[*1]
People v Flores (Julio)
2008 NY Slip Op 52371(U) [21 Misc 3d 141(A)]
Decided on November 20, 2008
Appellate Term, Second Department
Published by New York State Law Reporting Bureau pursuant to Judiciary Law § 431.
This opinion is uncorrected and will not be published in the printed Official Reports.


Decided on November 20, 2008
SUPREME COURT OF THE STATE OF NEW YORK

APPELLATE TERM: 2nd and 11th JUDICIAL DISTRICTS

PRESENT: : GOLIA, J.P., RIOS and STEINHARDT, JJ
2007-449 K CR. NO. 2007-449 K CR

The People of the State of New York, Respondent,

against

Julio Flores, Appellant.


Appeal from a judgment of the Criminal Court of the City of New York, Kings County (William McGuire, J.), rendered March 7, 2007. The judgment convicted defendant, upon a jury verdict, of criminal trespass in the third degree and resisting arrest.


Judgment of conviction affirmed.

Defendant's contention, that the information with regard to the charge of criminal trespass in the third degree (Penal Law § 140.10 [e]) is defective, lacks merit. The procedural requirements for the factual portion of an information are that it state "facts of an evidentiary character supporting or tending to support the charges" (CPL 100.15 [3]; see CPL 100.40 [1] [a]) and, that the "allegations of the factual part . . . together with those of any supporting depositions . . . provide reasonable cause to believe that the defendant committed the offense charged . . ." (CPL 100.40 [1[ [b]; see People v Casey, 95 NY2d 354, 360 [2000]).

Here, the accusatory instrument specifically alleged that the building was a public housing project; defendant was present in the building and was observed leaving the building; defendant's presence in the building was in violation of posted rules and regulations, and defendant did not have permission to enter or remain in the building.

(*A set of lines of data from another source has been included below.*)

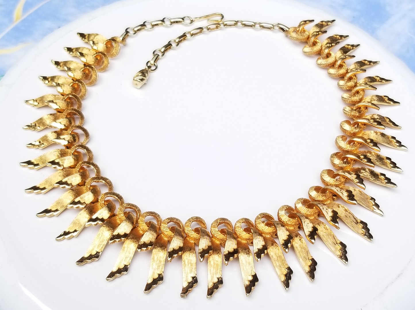 Gorgeous FRANCOIS Coro gold tone metal necklace. Each link of this necklace is composed of the loop from where textured gold metal ribbon with shiny gold details at their tip’s hangs. Signed Francois. The Francois (script) mark was used by CORO from 1937 to 1960 circa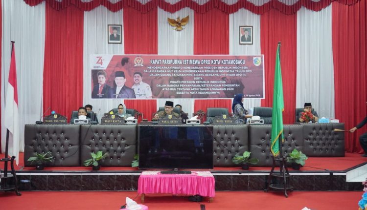 Kotamobagu,WB—Dewan Perwakilan Rakyat Daerah (DPRD) Kotamobagu, Jumat (16/8) menggelar, Rapat Paripurna Istimewa. Rapat untuk mendengarkan pidato kenegaraan yang disampaikan langsung Presiden RI Joko Widodo ini, dalam rangka HUT Kemerdekaan RI ke 74 Tahun 2019 dalam sidang tahunan MPR, sidang bersama DPR RI dan DPD RI.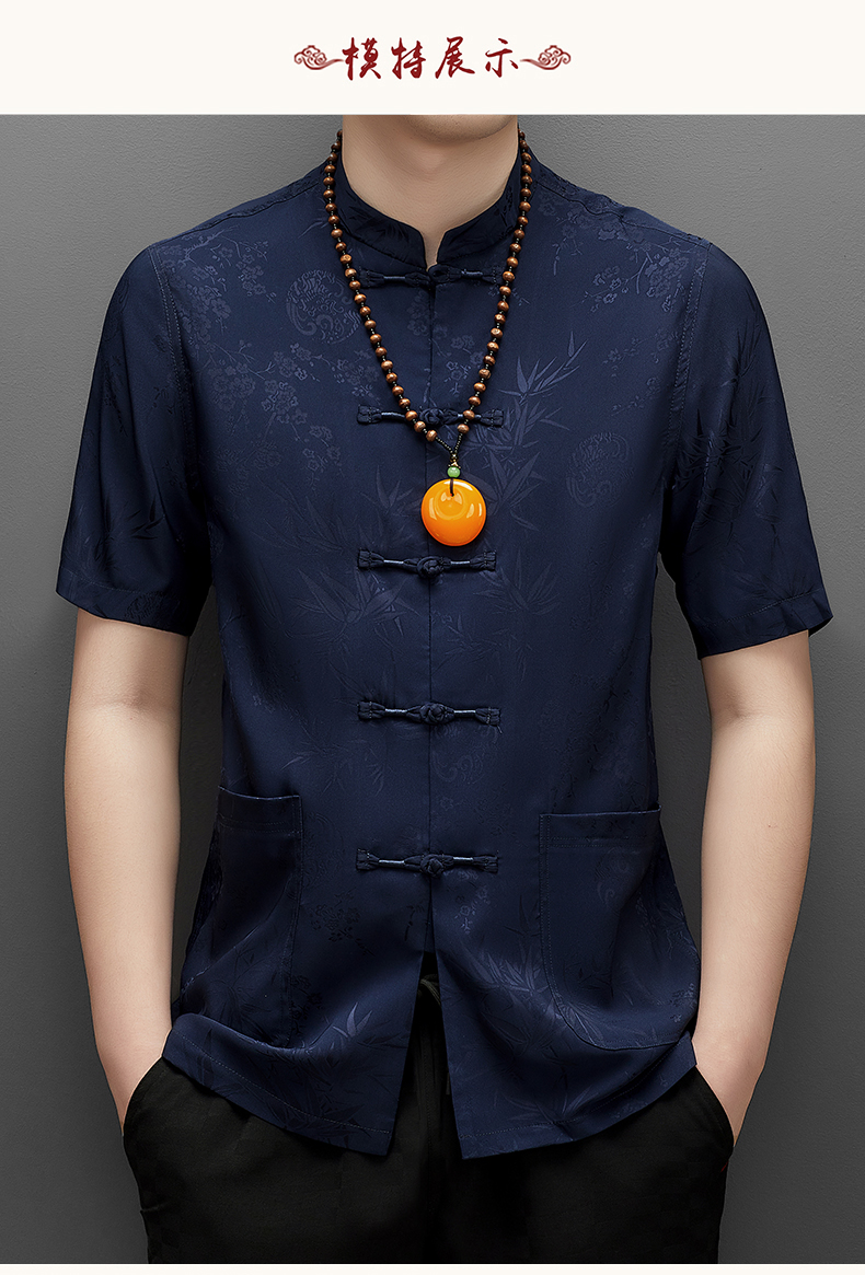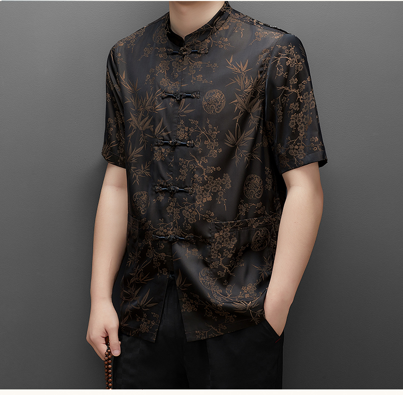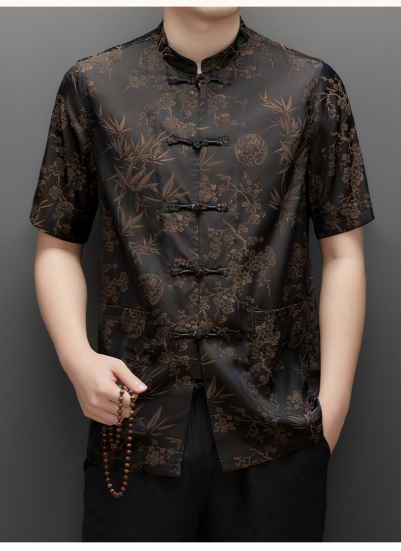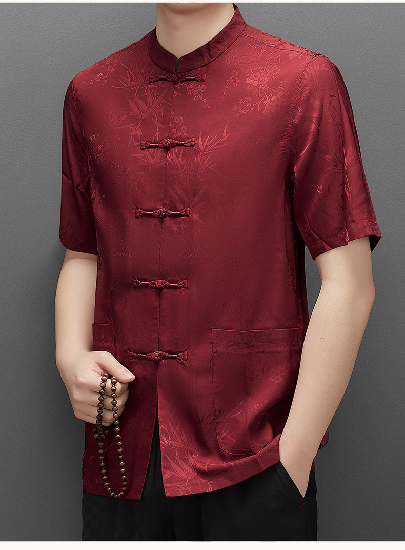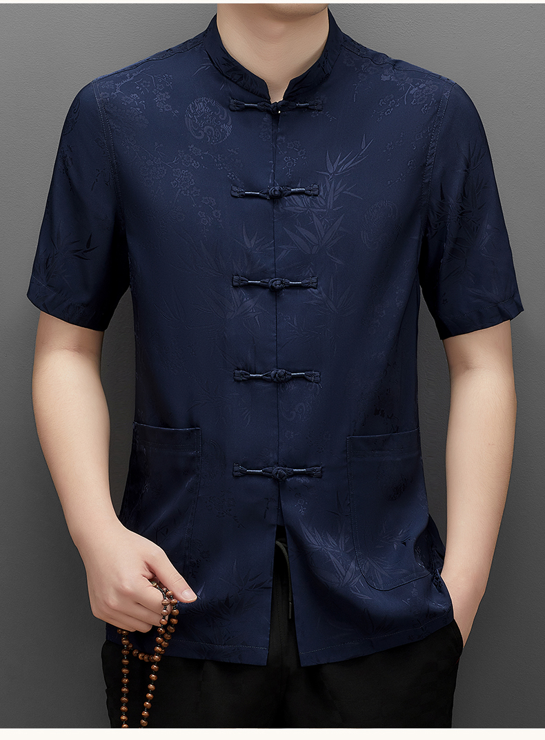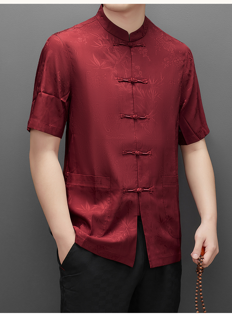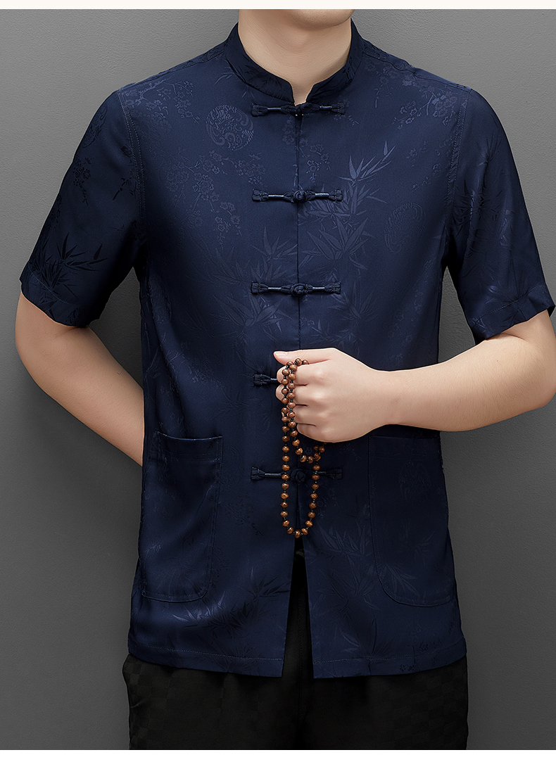 Áo ngắn tay dành cho nam, kiểu dáng cổ đứng truyền thống, tạo vẻ lịch sự và gọn gàng. Chất liệu lụa mềm mại, nhẹ nhàng và thoáng mát, rất phù hợp cho thời tiết mùa hè. Sản phẩm thích hợp để mặc trong những buổi họp mặt gia đình, tiếp khách hoặc thư giãn. Cách sử dụng đơn giản, mặc như các loại áo thông thường, dễ dàng phối hợp với nhiều loại quần khác nhau. | Tên sản phẩm: Áo Sơ Mi Nam Ngắn Tay Hàng Mùa Hè Trung Niên - Thời Trang Nam | Mã sản phẩm: C0681 - Giá: 1.060.000đ | Mã nhà sản xuất: MERELA-G03Hình ảnh sản phẩm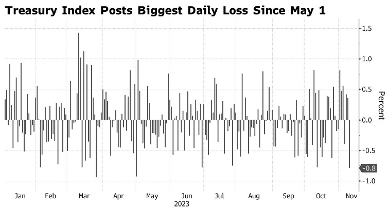 尽管收益率仍低于上月的峰值,但市场仍在波动,上周四30年期美国国债拍卖需求异常疲软后迅速爆发的抛售就是明证。截至11月9日,美国国债的一个广泛指数今年下跌了1.3%,2022年和2021年的跌幅分别达到了前所未有的12.5%和2.3%。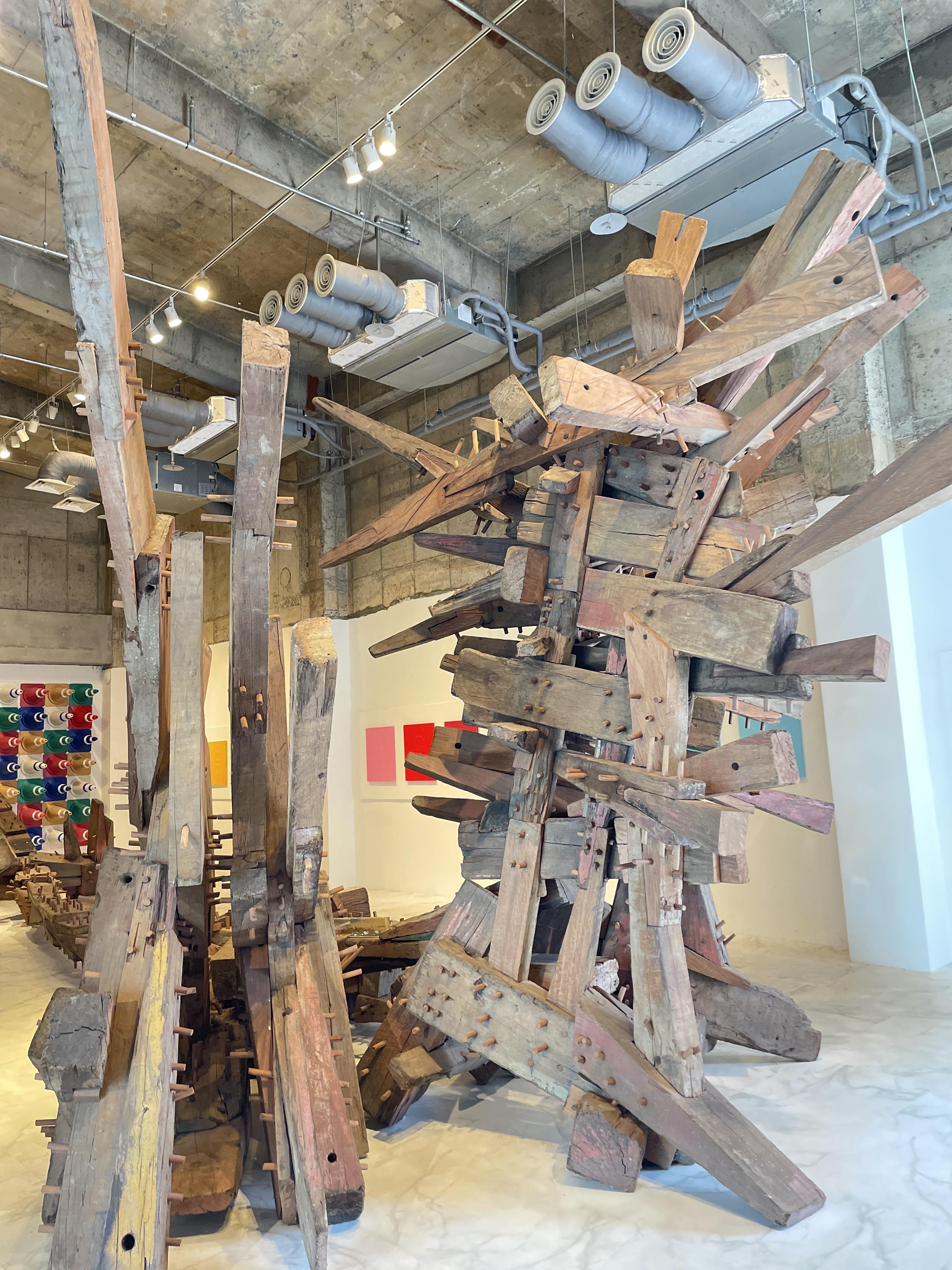 오른발을 들고 넘어지는 듯한 자세를 취한 나무 조형물입니다.

"So long as the factual allegations of an information give an accused notice sufficient to prepare a defense and are adequately detailed to prevent a defendant from being tried twice for the same offense, they should be given a fair and not overly restrictive or technical reading" (see People v Baumann & Sons Buses, Inc., 6 NY3d 404, 408 [2006], quoting People v Casey, 95 NY2d 354, 360 [2000], supra). We are of the opinion that these facts, as specifically set forth in the information, provided defendant with sufficient notice to prepare a defense to the charge of criminal trespass in the third degree. [*2]

As to defendant's challenges to the sufficiency of the evidence with regard to the convictions for criminal trespass in the third degree (Penal Law § 140.10 [e]) and resisting arrest (Penal Law § 205.30), we are of the opinion that the evidence, when viewed in the light most favorable to the prosecution (see People v Contes, 60 NY2d 620 [1983]), was legally sufficient to establish defendant's guilt of said charges. Moreover, upon the exercise of our factual review power, we are satisfied that the verdict of guilt was not against the weight of the evidence (CPL 470.15 [5]; People v Danielson, 9 NY3d 342 [2007]). It is well settled that the credibility of witnesses is a question of fact, and the resolution of issues of credibility, as well as the weight to be accorded the evidence presented, is to be decided by the trier of fact, which had the opportunity to see and hear the witnesses (see People v Romero, 7 NY3d 633 [2006]). The determination of the trier of fact should be afforded great weight on appeal and should not be disturbed unless clearly unsupported by the record (see People v Garafolo, 44 AD2d 86, 88 [1974]). In the instant case, the findings of guilt were supported by consistent and credible testimony.

We find defendant's other contentions raised on appeal to be without merit.

Accordingly, the judgment of conviction is affirmed.

Golia, J.P., and Steinhardt, J., concur.

Rios, J., dissents in part and concurs in part in a separate memorandum.

Rios, J., dissents in part and concurs in part and votes to modify the judgment by vacating the conviction of criminal trespass in the third degree and by dismissing said count of the accusatory instrument.

I am in agreement with the majority in its affirmance of so much of the judgment as convicted defendant of resisting arrest (Penal Law § 205.30). However, with respect to the conviction of criminal trespass in the third degree (Penal Law § 140.10 [e]), insofar as the information herein charges said offense, it failed to indicate what the posted rules and regulations were in the public housing project. Moreover, the information did not describe the conspicuous posting or even indicate that the posting was, in fact, conspicuous. Accordingly, the allegations contained in the information were insufficient to establish every element of the offense (see CPL 100.15, 100.40 [1]) of criminal trespass in the third degree and were inadequate to permit defendant to prepare a defense thereto. In view of the foregoing, I am of the opinion that the conviction of criminal trespass in the third degree should be vacated and said count of the accusatory instrument dismissed.